We received one email this week from a person who said she had tried every kind of U.S. Census data possible, but that none of those categories of data fit this map. There’s a good reason for that: the U.S. Census Bureau is not allowed to ask questions about religion. Instead, the data for this map comes from the 2010 U.S. Religion Census, which was conducted by the Association of Statisticians of American Religious Bodies.

Since the ASARB cannot afford quite the same level of detail as you get from a government census, not all of the data is perfectly reliable. One of you wrote in this week to suggest that it seems statistically unlikely that 13,931 of the 13,937 residents of Rolette County, North Dakota, would identify as Catholic. We will defer that question to the statisticians of American religious bodies who came up with the original data.

The data is, however, good enough to draw your attention to some interesting counties with extremely high rates of Catholicism. Our final hint drew your attention to Elk County, Pennsylvania, a county which was founded around an important monastery in the town of St. Mary’s. Even a century and a half later, an extremely high percentage of the residents of Elk County, Pennsylvania, descend from Bavarian Catholic immigrants.

Most of you who figured out the correct answer did so by observing general trends. This map demonstrates that the counties with the highest percentage of Catholic residents are found in areas that have received a lot of immigration from Catholic countries: Latinos in the American southwest, the Irish and the Italians in the Boston area, the French in Louisiana, etc. You can also see from this map how remarkably few people identify as Catholic in the American South, outside of Louisiana and Florida.

Our focus on immigration in the hints led many of you to submit incorrect solutions that had to do with race and culture. By far, the most common incorrect answer was that this map showed the percentage of people who identify as bilingual. This guess is plausible, but definitely not correct. For one thing, it seems likely that relatively few of the Catholics in Elk County, Pennsylvania, who descend from Bavarian immigrants still speak German in 2017. For another, there are places, especially on the West Coast, that receive a considerable amount of immigration from non-Catholic countries (especially China and Vietnam); a map that more exactly tracked recent immigration trends would presumably highlight these areas rather than rural Wisconsin and Pennsylvania.

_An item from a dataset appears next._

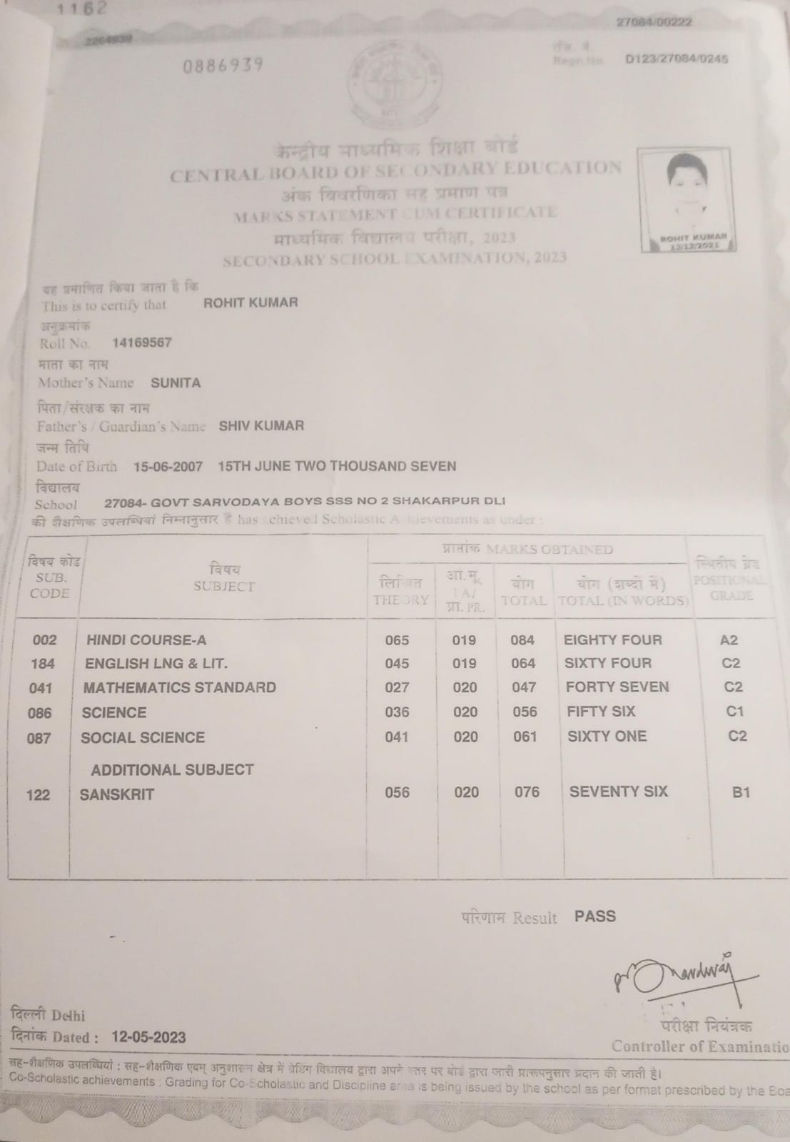 | Exam | Full Marks | Pass Marks | Marks Obtained |

A second wrong answer that was submitted by multiple people was that this map showed the percentage change in Latino population since the 2000 census. This is an extremely specific wrong answer, and we were surprised to see it from three different submitters! There appears to be an interesting story behind it. If you zoom in, as some people did, on the very dark bit of Alaska (and remember, Alaska has “boroughs” and “census areas” rather than counties) and then look it up, then you’ll learn some interesting facts about the census area of Kusilvak. Kusilvak has the highest unemployment rate in the United States, the lowest average age in the United States, and, yes, the highest percentage change in Latino population since 2000. Of course, having a large influx of Latinos (or, rather, a small influx of Latinos into a county with a very small population) has dramatically increased the percentage of people in the county who identify as Catholic...and that’s why it’s green on this map. For drawing our attention to this fun fact, and for helping everybody who reads this learn something new about demographic change in rural Alaska, we salute the three people who submitted this bizarrely specific wrong answer!